■ YOUR OBJECTIVE: Working through the data below, reproduce word for word the line with "Shout Advanced Laundry" and every line after it, both ends included, and omit the pictures.

- - - -

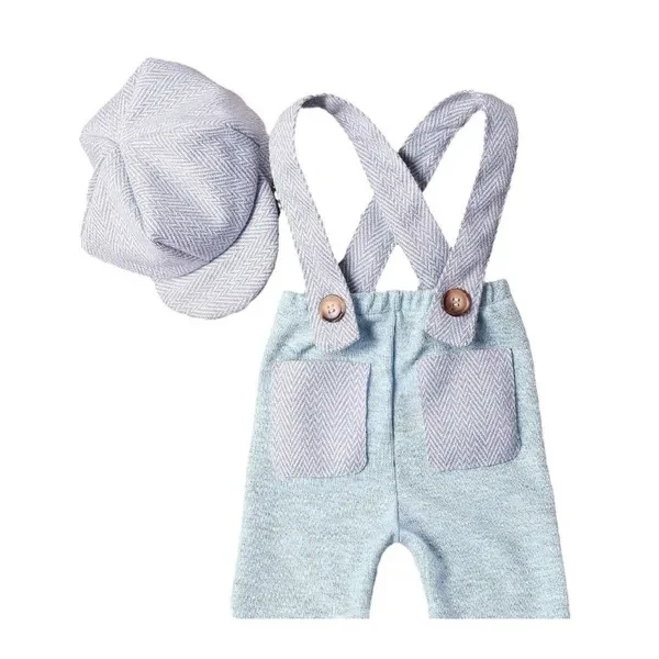 <p>Features: your baby's adorable moments in with this strikingly striped two piece set, featuring a baby suspender pants and a matching duckbill caps for the perfect photo outfit. Crafted from high quality polyester fabric, this set offers comfort with its soft, breathable material that is easy to clean, ensuring your little stays cozy and fuss Designed with adjustable straps and a versatile hat, this comfortably fits newborns aged 0-1 month, growing with your baby during those early weeks. For daily wear, special photo or celebratory event, this baby suspender and caps set will make your infant the center of attention with its fashionable and endearing appeal. The convenient pockets add a practical touch to the trendy making it not only a photogenic outfit but also a functional choice for parents who cherish both and utility for their babies. Specifications: Material: Polyester Pants Length: About. 30cm/11.81in(for Baby 0-1 Month) Color: Blue/Light Green Package Includes: 1pc Hat 1pc Romper note: Please allow 1-2cm errors due to manual measurement. Due to difference between different monitors, the picture may not reflect the item actual color. </p>
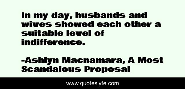 This page presents the quote "In my day, husbands and wives showed each other a suitable level of indifference.". Author of this quote is Ashlyn Macnamara, A Most Scandalous Proposal. This quote is about indifference, marriage, display, husband, wife,.
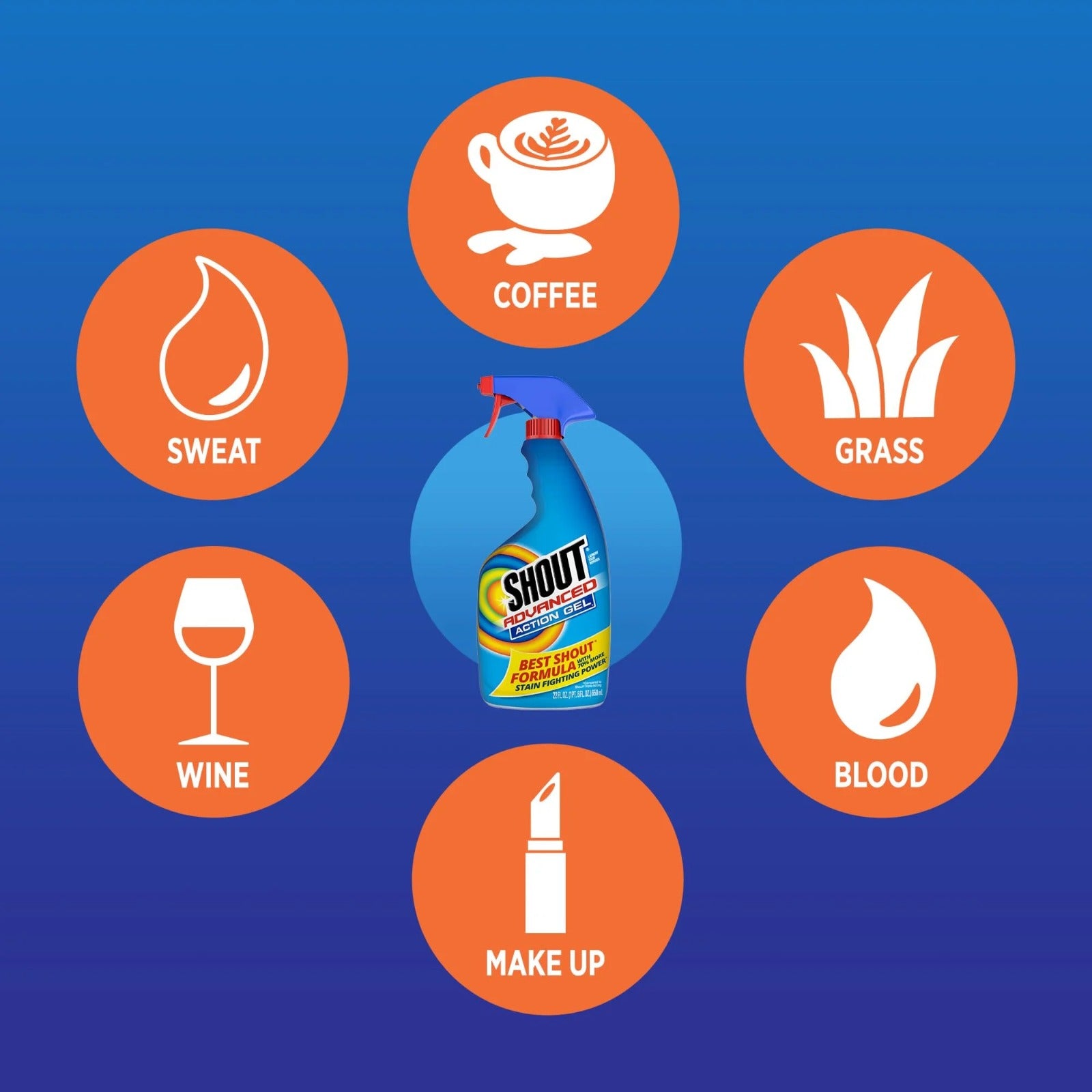 Shout Advanced Laundry Stain Remover Gel for Clothes Laundry, Breaks down stubborn, dried-in, and tough stains - 22oz Spray
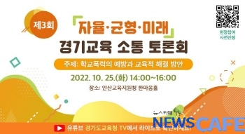 [뉴스카페]경기도교육청(교육감 임태희)이 오는 25일 안산교육지원청 한마음홀에서 학교폭력 예방과 교육적 해결방안을 찾는 토론회를 개최한다.
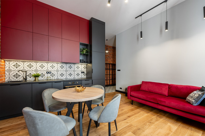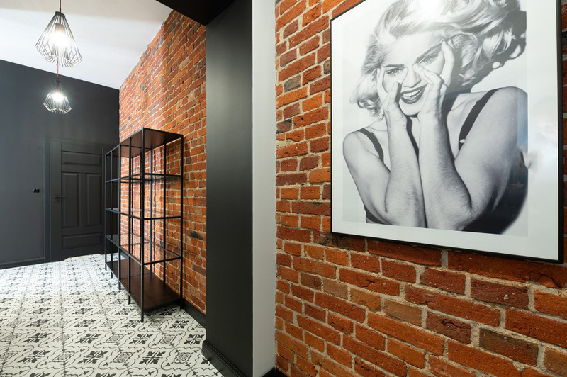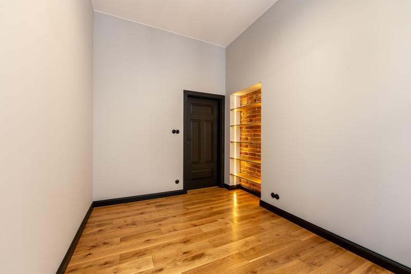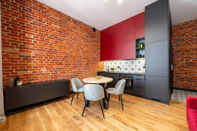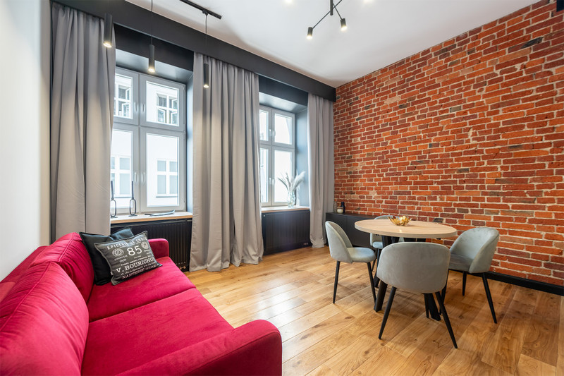 W mieszkaniu położono nową podłogę z desek z litego drewna dębowego oraz przeprowadzono renowację cegły na ścianie w salonie i całym przedpokoju, odsłaniając jej niepowtarzalne piękno. Wszystko po to, by zachować kamieniczny, wyjątkowy charakter mieszkania.

- - - -

■ RESULT FOR THIS TASK:
 Shout Advanced Laundry Stain Remover Gel for Clothes Laundry, Breaks down stubborn, dried-in, and tough stains - 22oz Spray
 [뉴스카페]경기도교육청(교육감 임태희)이 오는 25일 안산교육지원청 한마음홀에서 학교폭력 예방과 교육적 해결방안을 찾는 토론회를 개최한다.
 W mieszkaniu położono nową podłogę z desek z litego drewna dębowego oraz przeprowadzono renowację cegły na ścianie w salonie i całym przedpokoju, odsłaniając jej niepowtarzalne piękno. Wszystko po to, by zachować kamieniczny, wyjątkowy charakter mieszkania.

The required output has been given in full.